The commission ruled that the law applied to paid political advertisements, but offered a broad exemption for all other Internet political activity, conducted by individuals or groups, even in direct coordination with a candidate.

“The commission established a categorical exemption for individuals who engage in online politics,” Michael E. Toner, the chairman of the commission, said in an interview. “The agency has taken an important step in protecting grass roots and online politics.”

At first sight, this looks like good news — it means that Bloggers’ exhortations to their readers to contribute to, support or work for candidates would be counted as contributions to candidatges and therefore fall under the contribution limit of $2,000.
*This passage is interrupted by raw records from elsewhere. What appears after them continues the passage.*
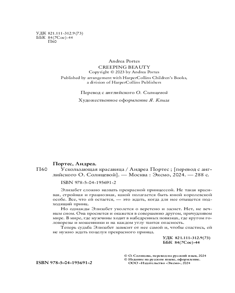 Серия: Young Adult. Уроки магии. Бестселлеры ромэнтези Элизабет сложно назвать прекрасной принцессой. Не такая красивая, стройная и грациозная, какой полагается быть юной королевской особе. Все, что ей остается — это ждать, когда для нее отыщется подходящий принц. Но однажды Элизабет уколется о веретено и заснет. Нет, не вечным сном. Она проснется и окажется в совершенно другом, причудливом мире. В мире, где мужчины ходят в набедренных повязках, где кругом головорезы и мошенники, и на каждом углу таится опасность. Теперь судьба Элизабет зависит от нее самой, и, чтобы спастись, ей не нужно ждать поцелуя прекрасного принца. |
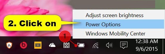 2. Nhấp chuột phải hoặc nhấn và giữ vào biểu tượng Power trong khu vực thông báo, nhấn vào Power Options và đi đến bước 5 bên dưới.
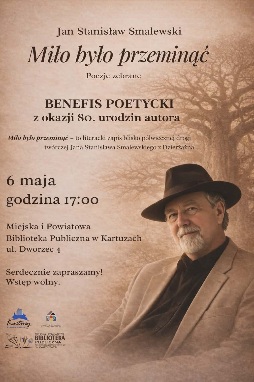 Z kolei 6 maja o godz. 17.00 odbędzie się benefis poetycki Jana Stanisława Smalewskiego z okazji jego 80. urodzin.
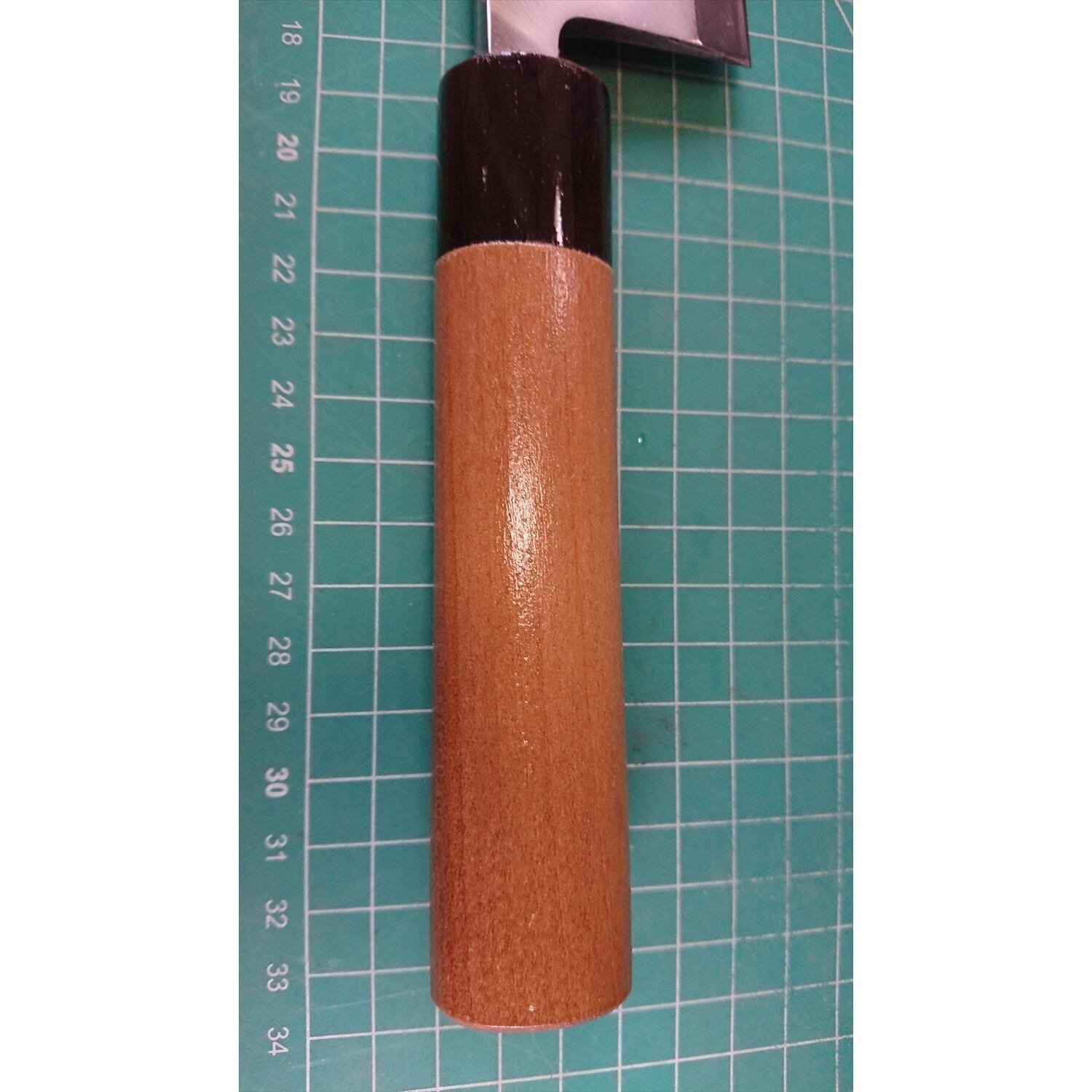 1. o3770/状態:中古/銘:武蔵野 木屋/出刃包丁(片刃 右利き用)/刃長:180/峰厚 アゴ上:7.4/重量:265/作り:鋼 水牛柄/他:ツバの根元から柄全体にかけて樹脂コーティング済み(防サビ防汚の為)
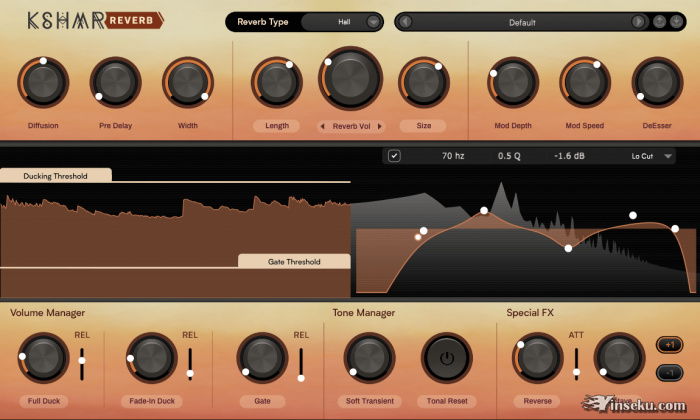 外,KSMR 混响还具有多个特殊功能面板;音量管理器,音调管理器和特殊FX。这些功能有助于以独特的方式塑造混响尾音。这使您的原始信号能够重击,然后通过手术形状进行混响,以提供丝滑氛围的受控感觉(如果您愿意,可以发出更强大的效果)。
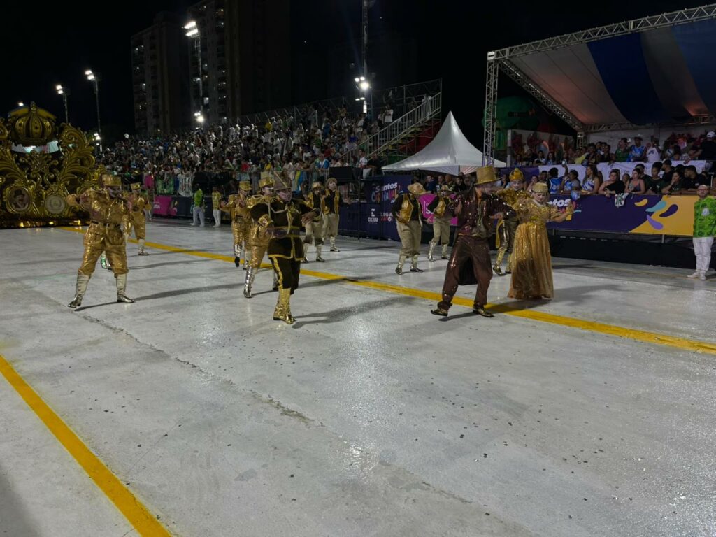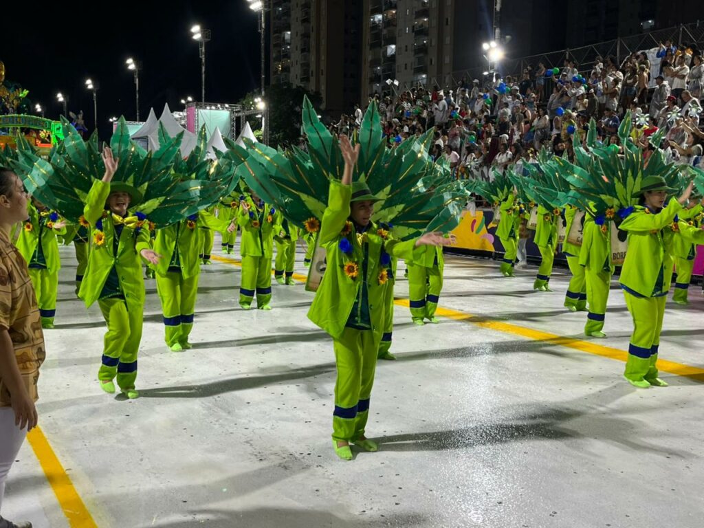 A escola entrou na avenida 3h56 e finalizou o desfile 4h50, somando um tempo total de 53 minutos.
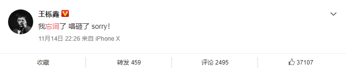 14日晚王栎鑫在微博上发文承认此事并道歉:“我忘词了,唱砸了,sorry!”
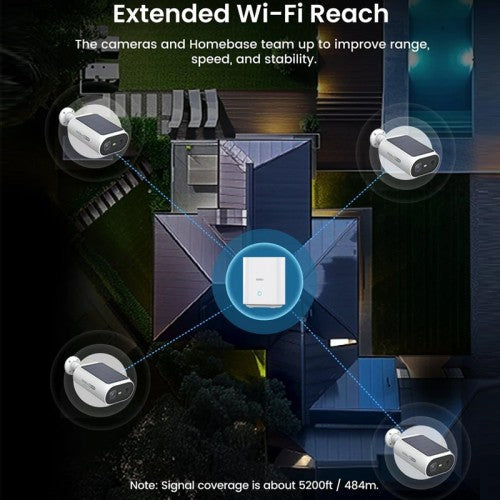 The Homebase offers 32GB of local storage, no monthly fees, and supports WiFi up to 650ft with stable signal. Cloud service is optional.
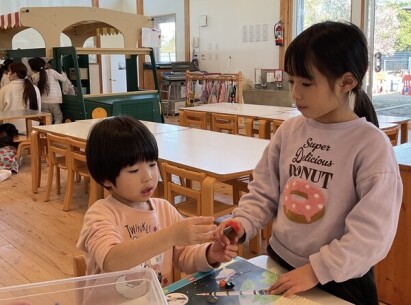 進級に向けて、お兄さん・お姉さんたちのクラスへ遊びに行きました。
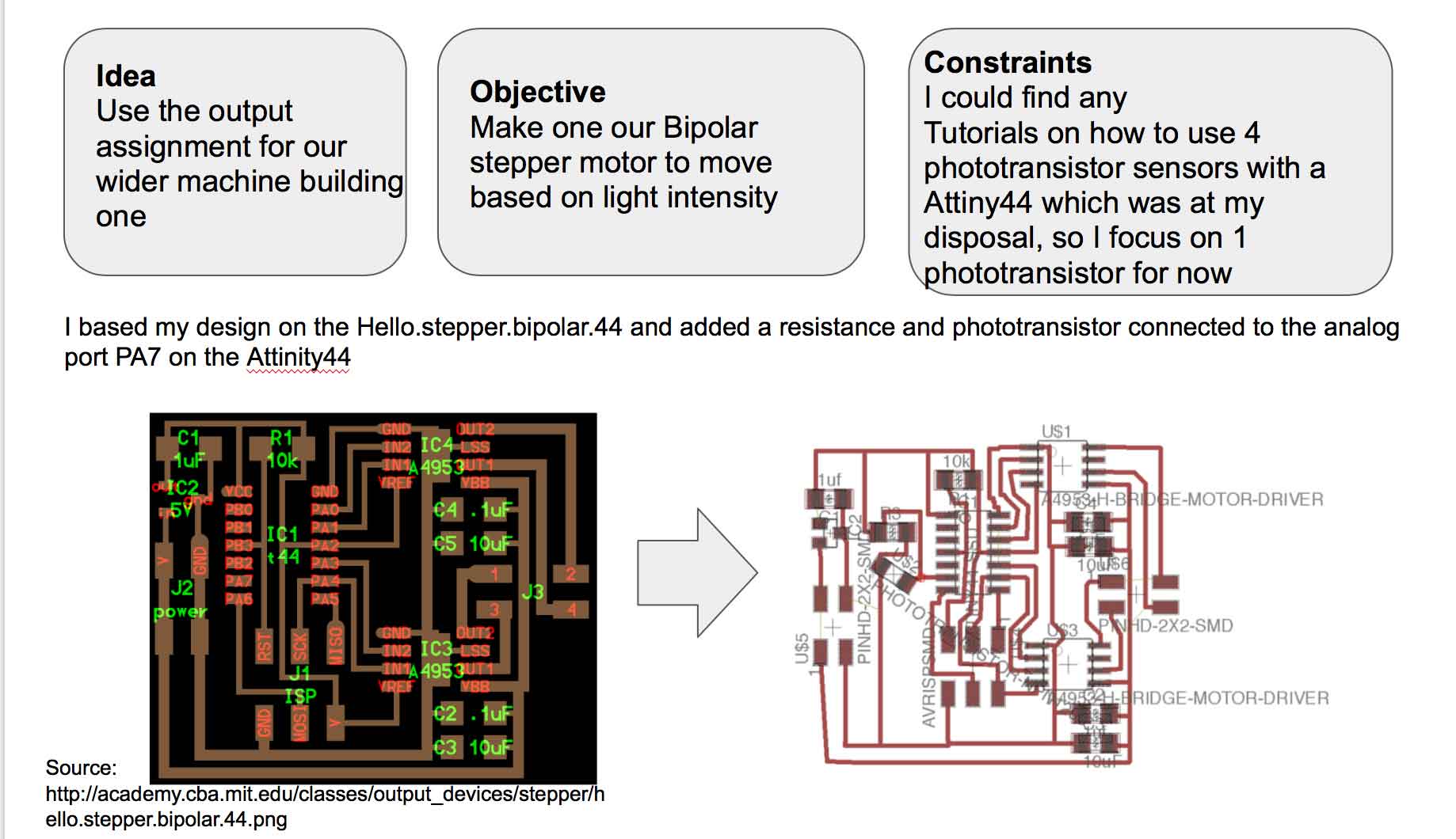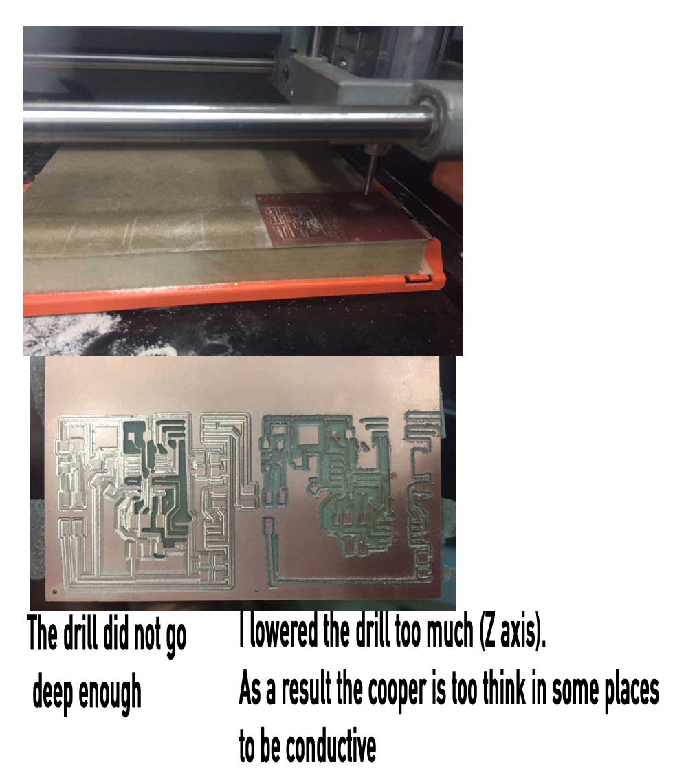 Another challenging electronic assignment for me, as I had to redo it in September, as I could not figure out the connection problems with my bridge board. In all honesty I prefer to understand how a circuit rather than spending an excessive amount of time checking electrical connections, milling board after board, soldering, etc.... However at the end, i managed to make the board work. Here is desribed the work done during the first week, and the work conducted in September. |
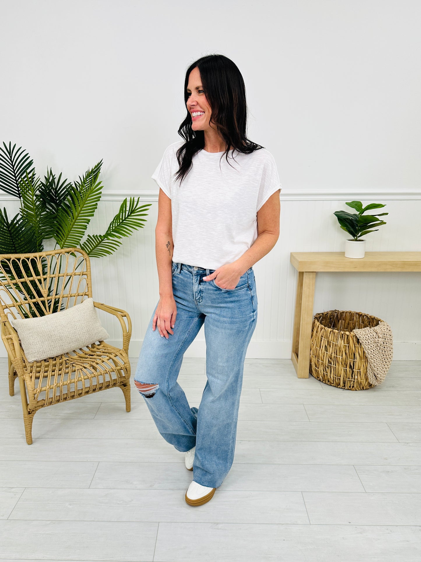 These are the perfect jeans to pair with sneakers or your favorite, summer casual sandals! We love the trendy knee distressing and the raw hem, which means women of all inseams can wear them. If you get them in and they are too long, you can simply trim them to achieve the same look you see on the models that are pictured.
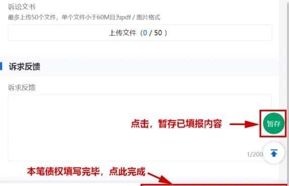 待本笔债权填写完毕后,可点击【提交/保存】完成登记。如下图所示。
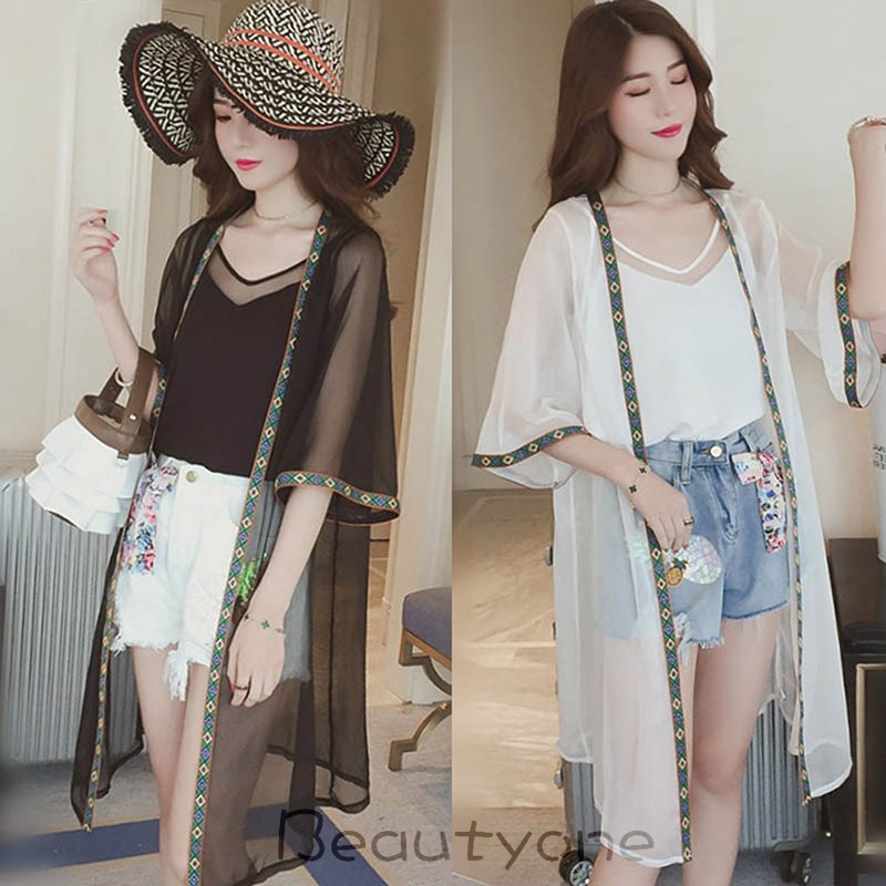 Cardigan Panjang Model Longgar Bahan Sifon untuk Pantai | Shopee Indonesia
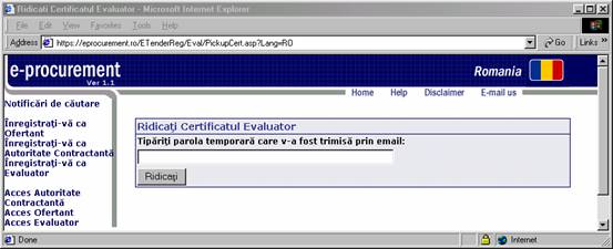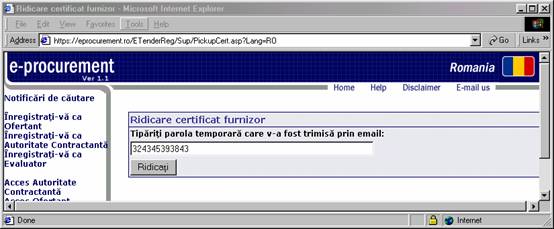Daca ati tastat corect codul temporar vi se va solicita descarcarea Certificatului dumneavoastra prin apasarea unui link etichetat "Instalare Certificat". Dupa accesarea link-ului "Instalare Certificat" asigurati-va de instalarea Certificatului pe PC-ul dumneavoastra (consultati documentatia browser-ului in care Certificatele sunt stocate). Acum puteti accesa link-ul "Conectare Autoritate Contractanta". Pentru informatii suplimentare cititi sectiunea corespunzatoare a acestui manual.
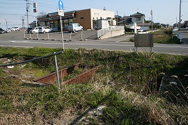 旧越後大野近くのコンビニ脇に小さな鉄橋跡が残っていたが、いつの間にかコンクリートの下に。 (2008.4/2015.1)
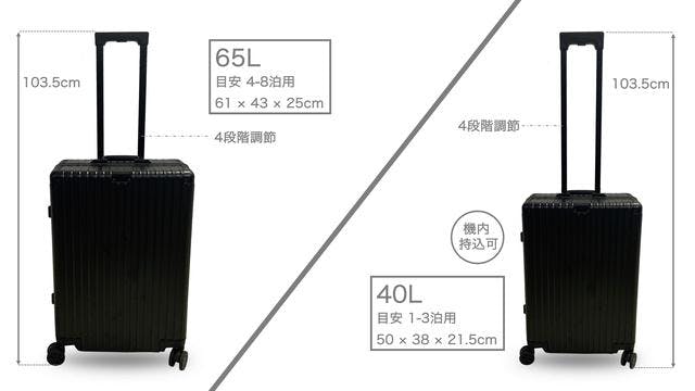 【機内持込可能な40Lサイズ】と、【長期旅行用の65Lサイズ】をご用意いたしました。
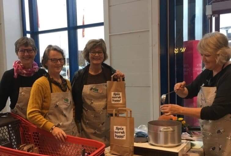 Kråkstad Bygdekvinnelag arrangerte en meget vellykket aksjon for bygg 16.10.18.Vi møtte bare velvilje fra Extra Ski.Der sto vi på lageret og pakket poser. Vi rigget til en fin stand ved inngangspartiet.To av styrets damer hadde laget gammeldags søtsuppe av byggryn.Det ble delt ut smaksprøver til stor begeistring. I posene vi delte ut med byggryn puttet vi også vår vervebrosjyre.Bare glade mennesker å se!!!
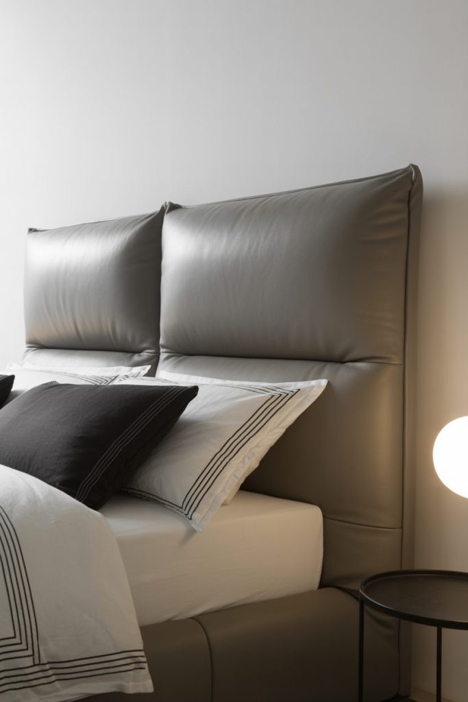 For those who love clean lines and modern vibes, a grey leather headboard is a sleek option. It’s easy to wipe clean and adds a subtle luxe feel.
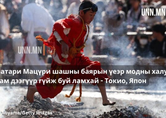 Хиватари Мацүри шашны баярын үеэр модны халуун нурам дээгүүр гүйж буй ламхай – Токио, Япон
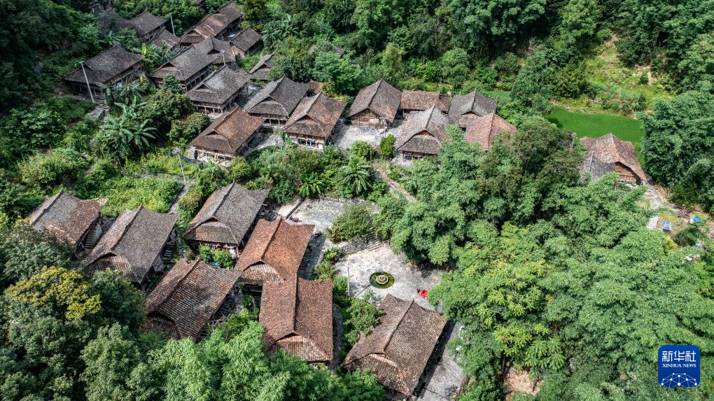 天门村小寨组的吊脚楼群一隅(7月17日摄,无人机照片)。新华社记者 陶亮 摄
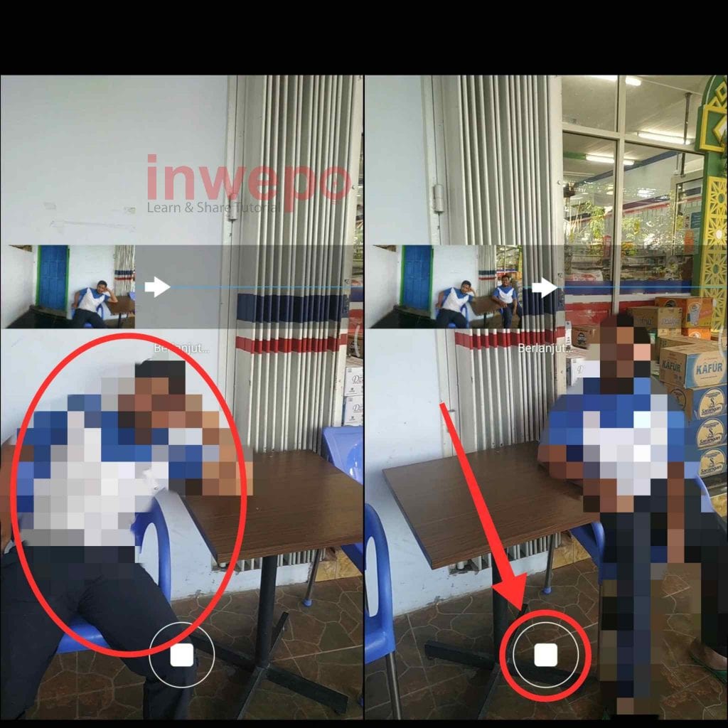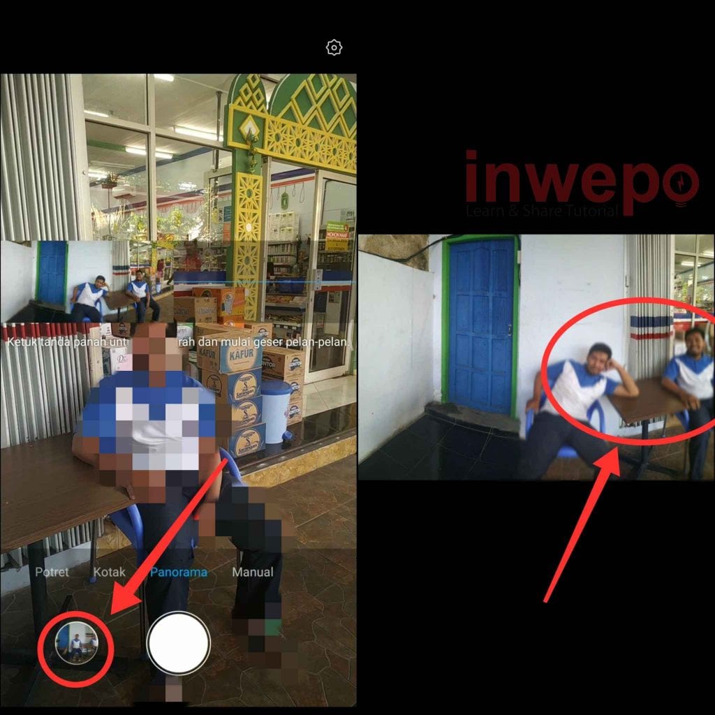 2. Arahkan kamera melewati objek (orang) , setelah kamera melewati objek suruh objek memutar membelakangi kamera dan berada di sudut sebelahnya. Jika kamera sudah melewati objek pada sudut sebelahnya. Tap icon stop untuk menyudahi mode panorama.
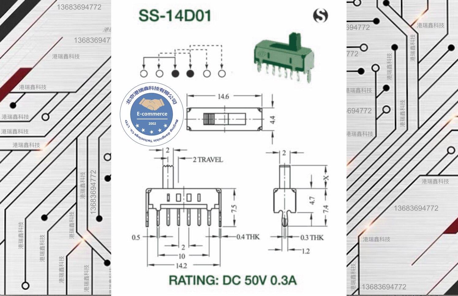 SS-14D01 Small toggle switch DC DC sliding 6 feet 4 gear spacing 2MM circuit board welding switch

My gloomy fear is that this will actually lead to massive pollution of the blogosphere, as political parties figure out ways of assembling masses of ‘individual’ pseudo-bloggers to support candidates.

The Founders Never Imagined a Bush Administration

And while we’re on the subject of Attorney-General Gonzales, here’s a sobering piece by Joyce Appelby and Gary Hart…

Relying on legal opinions from Attorney General Alberto R. Gonzales and Professor John Yoo, then working at the Justice Department, Bush has insisted that there can be no limits to the power of the commander-in-chief in time of war. More recently the president has claimed that laws relating to domestic spying and the torture of detainees do not apply to him. His interpretation has produced a devilish conundrum.

President Bush has given Commander-in-Chief Bush unlimited wartime authority. But the “war on terror” is more a metaphor than a fact. Terrorism is a method, not an ideology; terrorists are criminals, not warriors. No peace treaty can possibly bring an end to the fight against far-flung terrorists. The emergency powers of the president during this “war” can now extend indefinitely, at the pleasure of the president and at great threat to the liberties and rights guaranteed us under the Constitution…

Puzzle: this essay was published on George Mason University’s History News Network. A few minutes ago I looked to see what were the current most popular queries on search engines and was puzzled to discover that “George Mason University” was second only to ‘Tiger Woods”. Could it be that people had heard about the Appleby/Hart piece and were hunting for it? Curious…

Most expensive Google AdWords

Not sure I believe this, but John Battelle posted the list, and he’s pretty reliable. He got it from here.

Recently updated highest paying keywords from Google. Top Ten:

$54.33 mesothelioma lawyers
$47.79 what is mesothelioma
$47.72 peritoneal mesothelioma
$47.25 consolidate loans
$47.16 refinancing mortgage
$45.55 tax attorney
$41.22 mesothelioma
$38.86 car accident lawyer
$38.68 ameriquest mortgage
$38.03 mortgage refinance

As ever, lawyers seem to be in the thick of things. To my shame, I didn’t know what mesothelioma was until I came on the list. (It’s the type of cancer you get from breathing asbestos dust.)

The prices are interesting too — they show why click-fraud is such a potential danger. A few hundred fake clicks on any of those AdWords could make a tidy dent in the advertiser’s cash flow.